DIY: Clutch Bleeding

Discussion in 'How-To/Tech Database' started by Kevan, Jun 21, 2009.

  1. Kevan

    Kevan SRT-10 Owner

    Likes Received:
    Dec 15, 2007
    New Albany, OH
    (Also applies to Gen. 3 and Gen. 4 Viper coupe and convertible).

    This DIY article will cover how to properly and correctly bleed the hydraulic clutch line in your Viper-powered vehicle, more specifically the Ram SRT-10.

    This is a VERY EASY procedure, and can save you a ton of cash.
    I'm not sure what the average dealer cost is to bleed a clutch line, but you can do it yourself for less than $20.

    Here's a quick overview of the slave cylinder and where the bleed screw is at:
    (image courtesy of ALLDATA)

    Now that we have a general idea of where we're looking and what to look for, let's get our stuff together.
    Difficulty Level: 2

    Tools required:

    - 11mm combination wrench
    - shop paper towel
    - shop rag
    - catch cup

    Materials required:
    - 1 pt. of DOT3 or DOT4 brake fluid.
    There are dozens of awesome brake fluid brands out there. Even the most exotic/hardcore stuff can be had for under $20.
    Just make sure it's DOT3 or DOT4!
    If you're switching from one to the other, you need to flush your entire line (drain and refill).

    Under the hood we go....
    Look for a yellow cap. One will be for your brake master cylinder, the other will be for your clutch master cylinder.
    We want the clutch one. On the trucks, it's right next to the brake MC.

    Open the cap and have a look inside:
    There you see the rubber diaphragm and a little fluid inside of it.

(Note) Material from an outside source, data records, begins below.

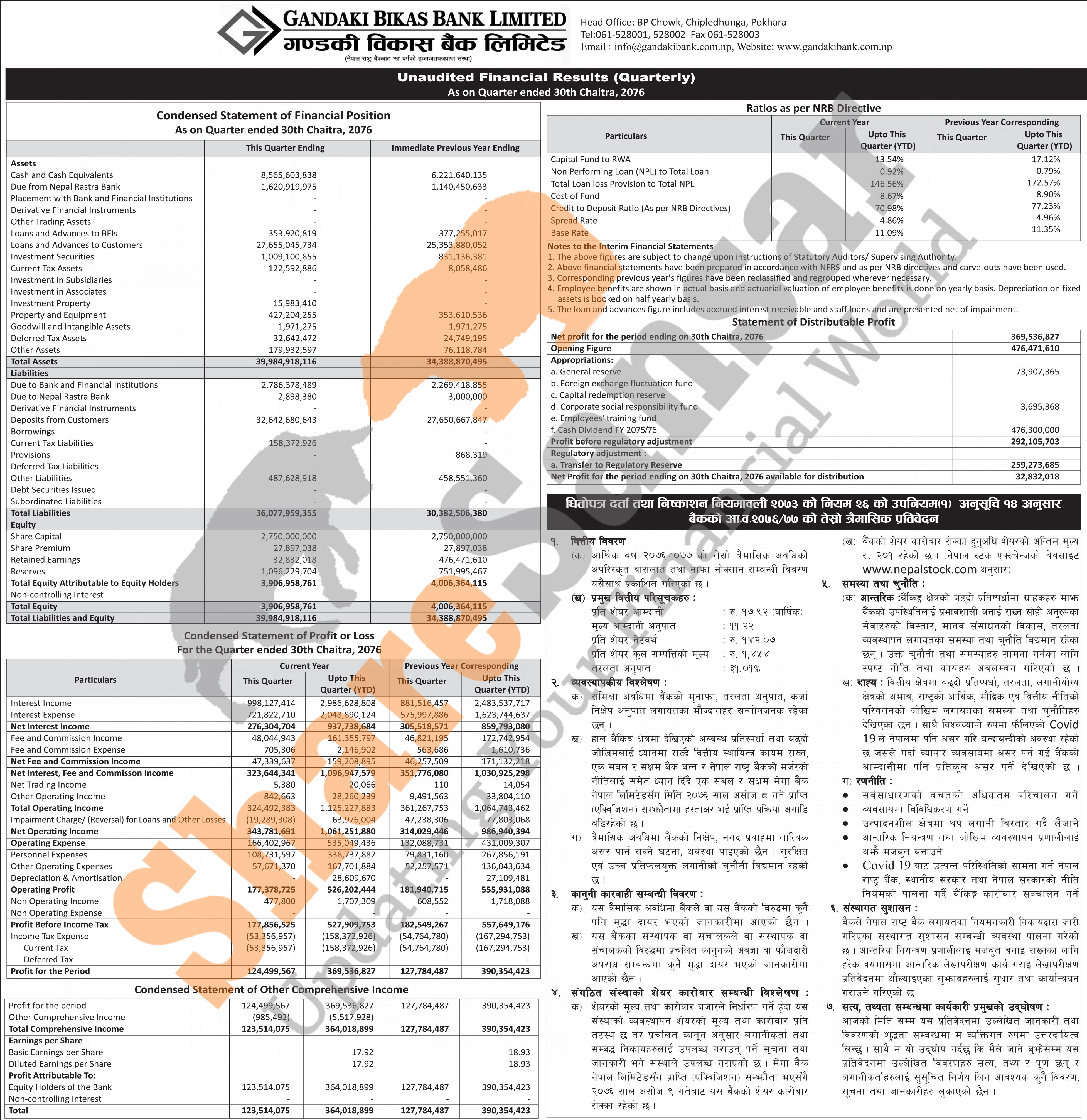 Gandaki Bikas Bank Limited has posted a net profit of Rs 369.53 million and published its 3rd quarter company analysis of the fiscal year 2076/77.
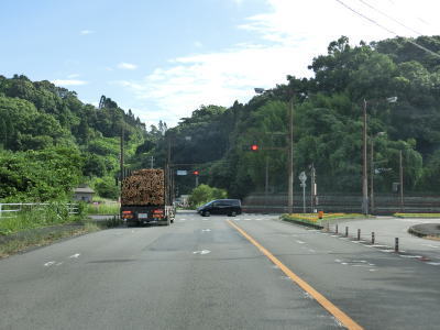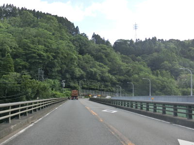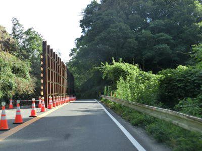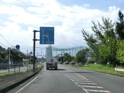 | 椿集落を過ぎた所では法面工事のため片側交互通行規制が敷かれていた。宮崎変電所の入口を過ぎるとやや急な右カーブを曲がるが、カーブ部分のセンターラインにはラバーポールが設置されている。その急カーブとボートピアの間の反対側車線に登坂車線が設置されているが、延長は400m程度と短い。 | ||
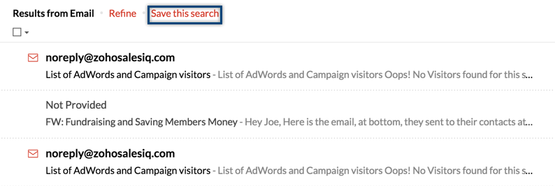 - Depois de definir suas condições de pesquisa, os e-mails relevantes são listados em sua tela

    We need to remove the diaphragm.
    It lifts straight out of the MC reservoir.
    Empty any fluid inside of it, and check that it's in good shape:
    Clean it too, since you have it out.

    Make sure that the fluid is at the proper level.
    If you're reading this on any other site than, that means someone stole it. They officially suck and you should ban them for committing a felony.
    On the Viper MC, there's a little embossed "line" that runs around the outside of the MC. That's your FULL mark.
    Don't go past the FULL mark because the diaphragm will displace enough fluid to bring it to the brim.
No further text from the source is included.